Would you return exactly the lines from the top of the data below through the one containing "Several additional positive", leaving out the pictures?

_Dataset content:_
-------------------------

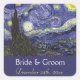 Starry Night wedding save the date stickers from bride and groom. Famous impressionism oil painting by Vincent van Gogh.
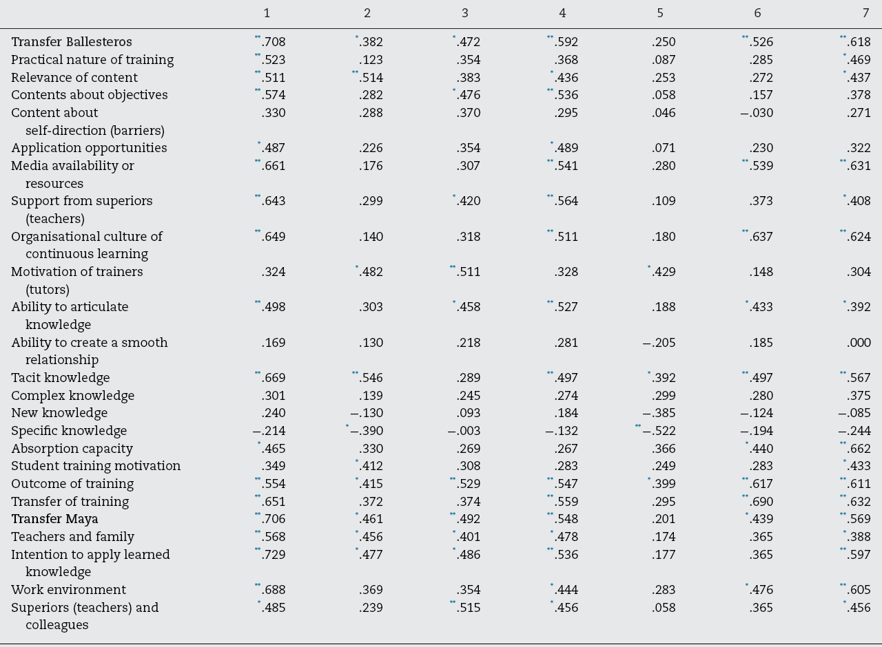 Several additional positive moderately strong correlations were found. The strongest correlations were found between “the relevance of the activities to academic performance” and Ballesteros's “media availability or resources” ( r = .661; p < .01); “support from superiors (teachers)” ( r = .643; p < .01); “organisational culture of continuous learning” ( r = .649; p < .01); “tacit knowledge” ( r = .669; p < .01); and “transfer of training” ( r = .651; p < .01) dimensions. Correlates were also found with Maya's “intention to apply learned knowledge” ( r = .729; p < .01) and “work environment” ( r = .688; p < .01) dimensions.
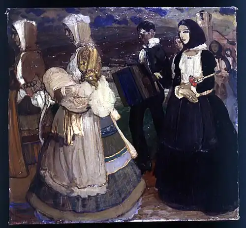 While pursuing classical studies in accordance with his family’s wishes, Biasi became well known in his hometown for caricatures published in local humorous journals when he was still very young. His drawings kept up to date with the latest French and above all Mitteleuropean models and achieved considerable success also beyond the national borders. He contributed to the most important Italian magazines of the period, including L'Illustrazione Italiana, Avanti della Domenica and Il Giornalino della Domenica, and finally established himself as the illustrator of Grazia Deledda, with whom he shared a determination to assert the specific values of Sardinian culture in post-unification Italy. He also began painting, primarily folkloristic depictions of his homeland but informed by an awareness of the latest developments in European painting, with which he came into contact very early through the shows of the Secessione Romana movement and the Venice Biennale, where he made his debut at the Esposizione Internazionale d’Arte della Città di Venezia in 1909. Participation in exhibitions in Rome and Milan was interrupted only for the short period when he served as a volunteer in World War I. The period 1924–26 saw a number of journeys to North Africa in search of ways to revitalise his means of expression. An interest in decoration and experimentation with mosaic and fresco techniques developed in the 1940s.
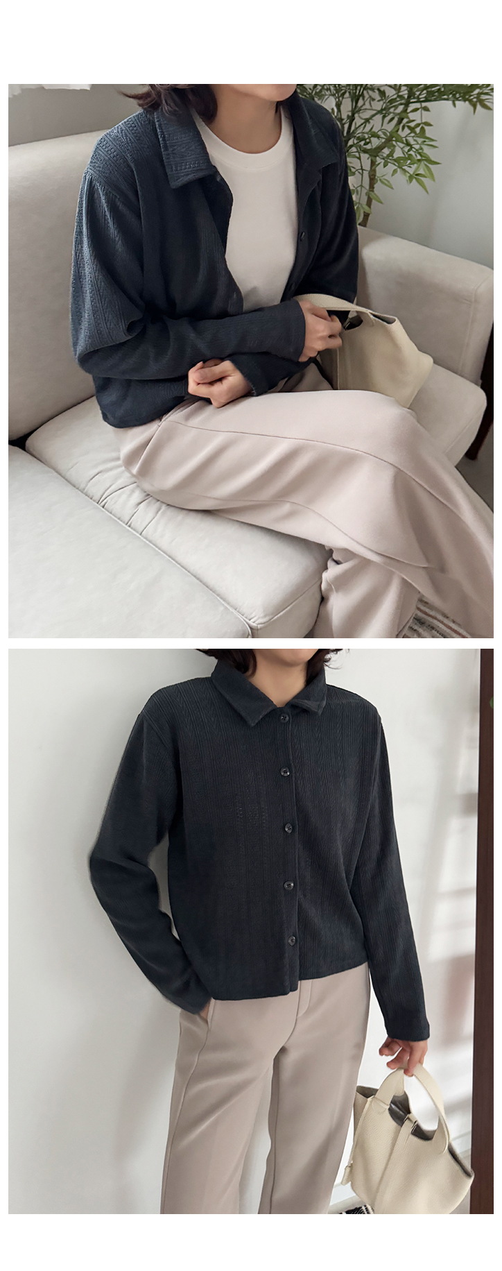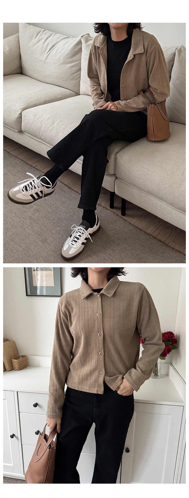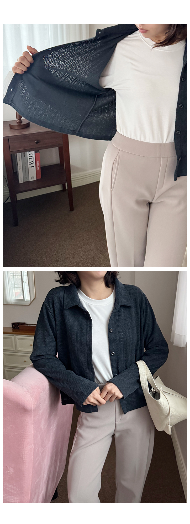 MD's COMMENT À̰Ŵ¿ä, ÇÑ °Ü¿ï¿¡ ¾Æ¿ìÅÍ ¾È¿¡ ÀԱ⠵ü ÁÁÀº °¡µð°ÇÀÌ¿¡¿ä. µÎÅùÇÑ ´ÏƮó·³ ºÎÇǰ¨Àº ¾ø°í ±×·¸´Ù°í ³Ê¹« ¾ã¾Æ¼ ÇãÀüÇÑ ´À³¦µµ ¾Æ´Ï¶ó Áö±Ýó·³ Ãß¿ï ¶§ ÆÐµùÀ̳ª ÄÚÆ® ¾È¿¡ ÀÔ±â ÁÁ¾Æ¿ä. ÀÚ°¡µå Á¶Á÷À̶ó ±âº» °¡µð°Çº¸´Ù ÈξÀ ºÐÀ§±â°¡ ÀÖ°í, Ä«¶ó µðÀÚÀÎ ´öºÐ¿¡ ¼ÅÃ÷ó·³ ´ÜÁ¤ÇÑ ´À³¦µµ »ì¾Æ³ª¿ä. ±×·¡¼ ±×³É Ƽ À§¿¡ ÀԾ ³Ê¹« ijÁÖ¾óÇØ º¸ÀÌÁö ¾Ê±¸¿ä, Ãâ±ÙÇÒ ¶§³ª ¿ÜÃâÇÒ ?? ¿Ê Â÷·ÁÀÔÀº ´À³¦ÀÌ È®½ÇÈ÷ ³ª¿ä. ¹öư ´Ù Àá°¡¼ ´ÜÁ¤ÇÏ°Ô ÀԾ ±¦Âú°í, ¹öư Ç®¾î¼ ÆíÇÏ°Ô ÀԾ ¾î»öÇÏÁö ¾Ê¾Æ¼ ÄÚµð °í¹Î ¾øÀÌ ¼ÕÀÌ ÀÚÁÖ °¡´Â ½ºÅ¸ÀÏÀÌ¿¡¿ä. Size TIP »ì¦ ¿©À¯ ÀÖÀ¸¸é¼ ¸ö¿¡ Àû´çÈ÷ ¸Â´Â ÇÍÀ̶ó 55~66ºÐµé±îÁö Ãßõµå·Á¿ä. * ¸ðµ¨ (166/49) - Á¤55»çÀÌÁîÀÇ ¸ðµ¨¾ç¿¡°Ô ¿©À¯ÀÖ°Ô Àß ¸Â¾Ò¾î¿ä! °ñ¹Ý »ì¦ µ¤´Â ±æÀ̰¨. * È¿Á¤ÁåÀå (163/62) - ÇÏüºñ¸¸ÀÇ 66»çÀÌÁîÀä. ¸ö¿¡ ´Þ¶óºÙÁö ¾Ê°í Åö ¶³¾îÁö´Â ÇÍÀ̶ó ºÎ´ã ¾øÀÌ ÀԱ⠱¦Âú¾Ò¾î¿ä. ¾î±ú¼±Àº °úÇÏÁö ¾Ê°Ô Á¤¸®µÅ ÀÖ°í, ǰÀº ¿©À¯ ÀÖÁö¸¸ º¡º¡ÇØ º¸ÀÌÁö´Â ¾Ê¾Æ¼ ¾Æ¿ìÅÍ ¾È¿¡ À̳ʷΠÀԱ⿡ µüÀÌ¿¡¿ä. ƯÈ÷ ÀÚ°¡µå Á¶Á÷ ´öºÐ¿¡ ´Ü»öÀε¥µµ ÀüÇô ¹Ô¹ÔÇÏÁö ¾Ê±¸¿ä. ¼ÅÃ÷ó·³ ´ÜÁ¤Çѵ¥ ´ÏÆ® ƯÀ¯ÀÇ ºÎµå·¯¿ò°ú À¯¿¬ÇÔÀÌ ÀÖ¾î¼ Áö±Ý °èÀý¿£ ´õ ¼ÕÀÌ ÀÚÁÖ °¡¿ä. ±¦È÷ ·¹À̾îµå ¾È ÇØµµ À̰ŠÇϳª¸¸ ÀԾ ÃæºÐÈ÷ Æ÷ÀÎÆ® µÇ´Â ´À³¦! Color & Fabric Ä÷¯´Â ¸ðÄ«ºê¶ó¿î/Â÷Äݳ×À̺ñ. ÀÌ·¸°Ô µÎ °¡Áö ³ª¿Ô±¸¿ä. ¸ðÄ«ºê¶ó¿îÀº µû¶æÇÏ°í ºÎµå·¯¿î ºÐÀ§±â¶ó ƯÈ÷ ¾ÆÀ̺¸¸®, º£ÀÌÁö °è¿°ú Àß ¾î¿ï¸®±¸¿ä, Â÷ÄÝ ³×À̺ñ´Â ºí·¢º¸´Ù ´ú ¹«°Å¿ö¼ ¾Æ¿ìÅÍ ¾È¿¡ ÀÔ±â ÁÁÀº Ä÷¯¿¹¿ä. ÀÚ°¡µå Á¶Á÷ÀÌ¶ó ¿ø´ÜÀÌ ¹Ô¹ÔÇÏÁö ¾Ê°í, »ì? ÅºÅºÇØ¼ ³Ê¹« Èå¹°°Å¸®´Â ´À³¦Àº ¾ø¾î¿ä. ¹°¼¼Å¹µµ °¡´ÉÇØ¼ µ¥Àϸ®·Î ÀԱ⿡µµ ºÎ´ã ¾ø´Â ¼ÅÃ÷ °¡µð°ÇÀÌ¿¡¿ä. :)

-------------------------

_Answer to the exercise:_
 Starry Night wedding save the date stickers from bride and groom. Famous impressionism oil painting by Vincent van Gogh.
 Several additional positive moderately strong correlations were found. The strongest correlations were found between “the relevance of the activities to academic performance” and Ballesteros's “media availability or resources” ( r = .661; p < .01); “support from superiors (teachers)” ( r = .643; p < .01); “organisational culture of continuous learning” ( r = .649; p < .01); “tacit knowledge” ( r = .669; p < .01); and “transfer of training” ( r = .651; p < .01) dimensions. Correlates were also found with Maya's “intention to apply learned knowledge” ( r = .729; p < .01) and “work environment” ( r = .688; p < .01) dimensions.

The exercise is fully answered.